進行パーキンソン病への両側脳深部刺激療法、薬物治療よりも有効

提供元:ケアネット

印刷ボタン

公開日:2009/01/20

 



進行パーキンソン病への両側脳深部刺激療法は、薬物治療よりも、6ヵ月後の運動機能や生活の質(QOL)の改善に効果があることが、70歳以上の被験者を含む試験で明らかにされた。これまでの研究の多くが、被験者に高齢の患者を含んでいなかった。ただし深刻な有害作用の発生率が、両側脳深部刺激療法のほうが高かったとも報告されている。これは、米国Hines VA HospitalのFrances M. Weaver氏らの研究で明らかになったもので、JAMA誌2009年1月7日号で発表された。

255人を6ヵ月追跡、うち25%は70歳以上




同氏らは、2002~2005年にかけて、薬を飲まない状態でホーエン&ヤール分類でステージ2以上のパーキンソン病と診断された患者、合計255人について、無作為化コントロール試験を行った。被験者の25%が、70歳以上だった。

被験者は、両側脳深部刺激療法群と薬物療法群に分けられ、両側脳深部刺激療法群はさらに、視床下核刺激術の群(60人)と淡蒼球刺激術の群(61人)に分けられた。一方の薬物療法群(134人)に対しては、運動障害専門の神経科医による最良の薬物治療を行った。

6ヵ月月後、運動異常が起らずに運動をコントロールできる持続時間などを測定し、比較した。
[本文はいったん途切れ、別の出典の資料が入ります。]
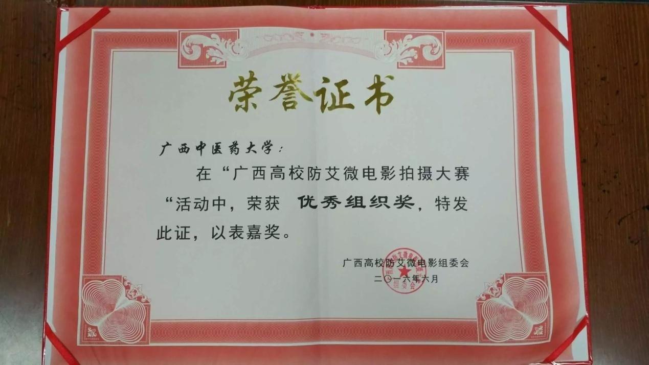 2016年6月3日,广西高校防艾微电影大赛颁奖典礼在广西艺术学院成功举办,beat365荣获优秀组织单位奖。

両側脳深部刺激療法群、運動異常の起こらない時間が1日4.6時間増加




両側脳深部刺激療法群では、試験開始6ヵ月後、運動異常が起こらずに運動をコントロールできる時間が、試験開始時点よりも4.6時間/日増加したのに対し、薬物療法群では、同増加時間は0時間/日だった。両群の平均格差は、4.5時間/日(95%信頼区間:3.7~5.4、p<0.001)だった。

運動機能も、両側脳深部刺激療法群で薬物療法群よりも有意に改善した。例えば、運動機能が臨床的に意味のある程度の改善を遂げた人の割合は、両側脳深部刺激療法群では71%だったのに対し、薬物療法群では32%に留まった。

QOLスコア全般や、パーキンソン病QOLスコア8項目のうち7項目についても、両側脳深部刺激療法群は薬物療法群より有意に改善した(p<0.001)。

一方、有害事象の発生率について見てみると、深刻な有害事象は薬物療法群では15件だったのに対し、両側脳深部刺激療法群では49件に上った(p<0.001)。49件のうち39件が手術によるもので、1件は脳出血により死に至った。